1. *Department of Neurosurgery, Uppsala University Hospital, Uppsala, Sweden
2. ‡Department of Clinical Chemistry, Uppsala University Hospital, Uppsala, Sweden
3. †Department of Institute of Neuropathology, University of Copenhagen, Copenhagen
4. §Department of Pharmaceuticals Division, Novo Nordisk A/S, Måløv, Denmark

Correspondence: L Hillered, Departments of Clinical Chemistry and Neurosurgery, University Hospital, S-75185 Uppsala, Sweden.
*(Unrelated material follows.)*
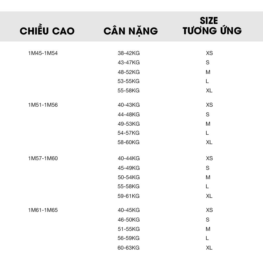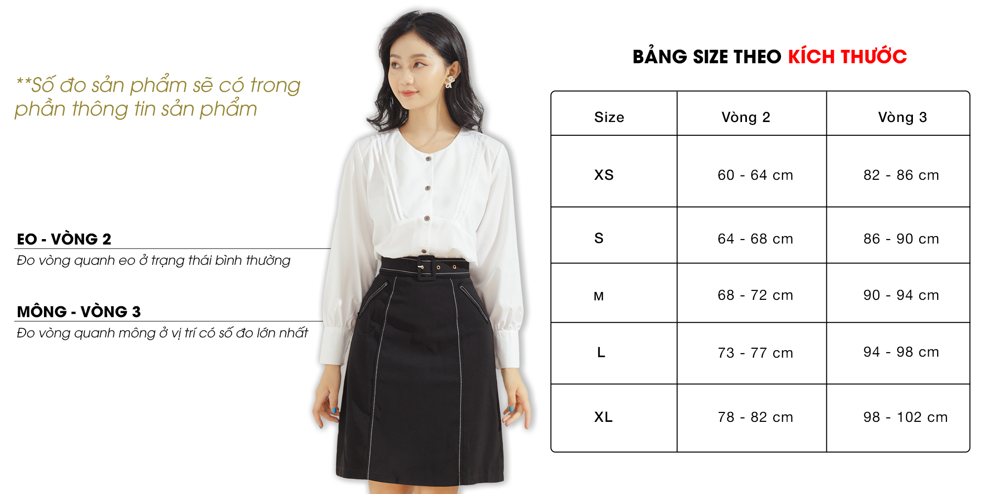 + Bảng size chart chỉ mang tính chất tham khảo, tùy thuộc vào số đo cơ thể và chất liệu vải khác nhau sẽ có sự chênh lệch nhất định.

Received 28 October 1994; Revised 10 April 1995; Accepted 2 June 1995.

Abstract

Ion-selective microelectrodes were used to study acute effects of N-methyl-D-aspartate (NMDA) and -amino-3-hydroxy-5-methyl-4-isoxazole (AMPA) receptor blockade on posttraumatic calcium disturbances. An autoradiographic technique with ⁴⁵Ca²⁺ was used to study calcium disturbances at 8, 24, and 72 h. Compression contusion trauma of the cerebral cortex was produced by a 21-g weight dropped from a height of 35 cm onto a piston that compressed the brain 2 mm. Pre- and posttrauma interstitial [Ca²⁺] ([Ca²⁺]_e) concentrations were measured in the perimeter, i.e., the shear stress zone (SSZ) and in the central region (CR) of the trauma site. For the [Ca²⁺]_e studies the animals were divided into controls and groups pretreated with dizocilipine maleate (MK-801) or with 2,3-dihydroxy-6-nitro-7-sulfamoyl-benzo[F]quinoxaline (NBQX). In all groups, [Ca²⁺]_e decreased from pretrauma values of approximately 1 mM to posttraumatic values of 0.1 mM in both the CR and the SSZ. This was followed by a slow restitution toward pretraumatic levels during the 2-h observation period. There was no significant difference in recovery pattern between controls and pretreated animals. Accumulation of ⁴⁵Ca²⁺ and serum proteins was seen in the entire SSZ, while neuronal necrosis was confined to a narrow band within the SSZ. The CR was unaffected apart from occasional eosinophilic neurons and showed no accumulation of ⁴⁵Ca²⁺. Posttraumatic treatment with MK-801 or NBQX had no obvious effect on neuronal injury in the SSZ. We conclude that (a) acute [Ca²⁺]_e disturbances in compression contusion brain trauma are not affected by blockade of NMDA or AMPA receptors, (b) ⁴⁵Ca²⁺ accumulation in the SSZ reflects mainly protein accumulation due to blood-brain barrier breakdown rather than cell death, and (c) acute cellular Ca²⁺ overload per se does not seem to be a major determinant of cell death after cerebral trauma in our model.